• [To do]: Transcribe every line below exactly; no image goes into the output.

• [Data]:

────────

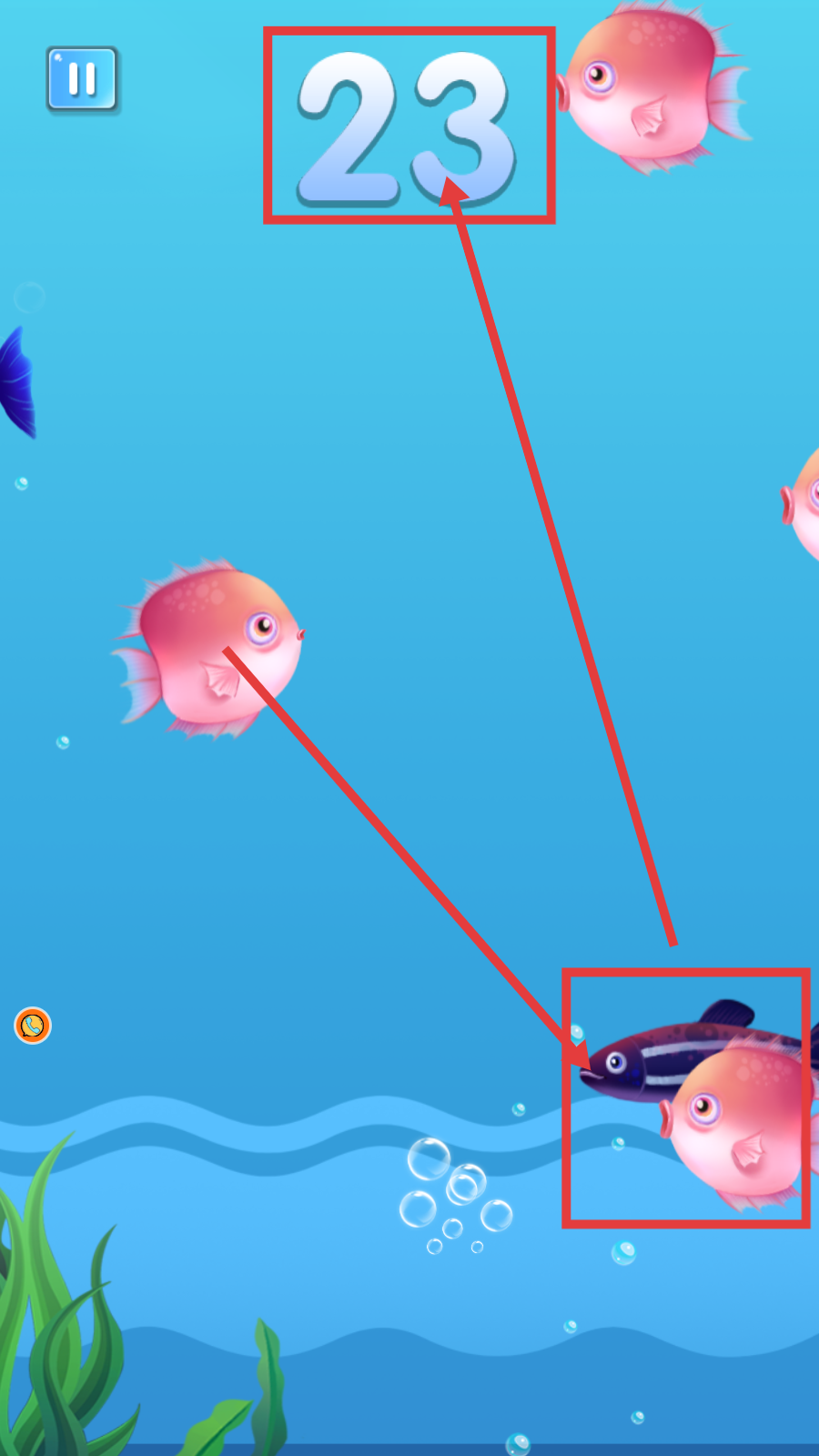 3、持续吞噬小鱼后,角色会逐渐成长,分数(如【23】)也会随之提升,需继续寻找可吞噬的目标鱼,加速自身成长。
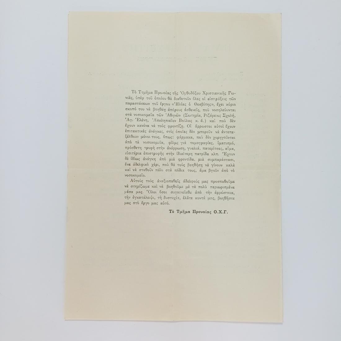 Δίπτυχο πρόγραμμα της θεατρικής παράστασης “Ηλίας ο Θεσβίτης”, ενός θρησκευτικού δράματος που παρουσιάστηκε στις 24 Μαΐου 1958 στο ιστορικό Θέατρο Ιντεάλ της Αθήνας. Το έργο γράφτηκε από τη Ρένα Τριανταφυλλίδη, μια συγγραφέα με παρουσία στον χώρο του χριστιανικού και παιδικού θεάτρου κατά τη δεκαετία του ’50 και του ’60, η οποία έχει εκδώσει και άλλα σχετικά έργα, όπως το «Παιδικό Χριστουγεννιάτικο Θέατρο». Η παραγωγή διοργανώθηκε από το Καλλιτεχνικό Τμήμα της «Ορθόδοξης Χριστιανικής Γωνιάς», ενός σωματείου που την εποχή εκείνη χρησιμοποιούσε το θέατρο ως μέσο θρησκευτικής και ηθικής αγωγής.
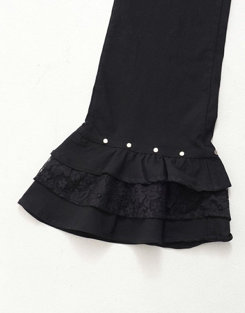 裾にはフリル×レースを贅沢に重ねた3段ヘムデザインで、動くたびに揺れて視線を奪う。

────────

• [Answer section]:
 3、持续吞噬小鱼后,角色会逐渐成长,分数(如【23】)也会随之提升,需继续寻找可吞噬的目标鱼,加速自身成长。
 Δίπτυχο πρόγραμμα της θεατρικής παράστασης “Ηλίας ο Θεσβίτης”, ενός θρησκευτικού δράματος που παρουσιάστηκε στις 24 Μαΐου 1958 στο ιστορικό Θέατρο Ιντεάλ της Αθήνας. Το έργο γράφτηκε από τη Ρένα Τριανταφυλλίδη, μια συγγραφέα με παρουσία στον χώρο του χριστιανικού και παιδικού θεάτρου κατά τη δεκαετία του ’50 και του ’60, η οποία έχει εκδώσει και άλλα σχετικά έργα, όπως το «Παιδικό Χριστουγεννιάτικο Θέατρο». Η παραγωγή διοργανώθηκε από το Καλλιτεχνικό Τμήμα της «Ορθόδοξης Χριστιανικής Γωνιάς», ενός σωματείου που την εποχή εκείνη χρησιμοποιούσε το θέατρο ως μέσο θρησκευτικής και ηθικής αγωγής.
 裾にはフリル×レースを贅沢に重ねた3段ヘムデザインで、動くたびに揺れて視線を奪う。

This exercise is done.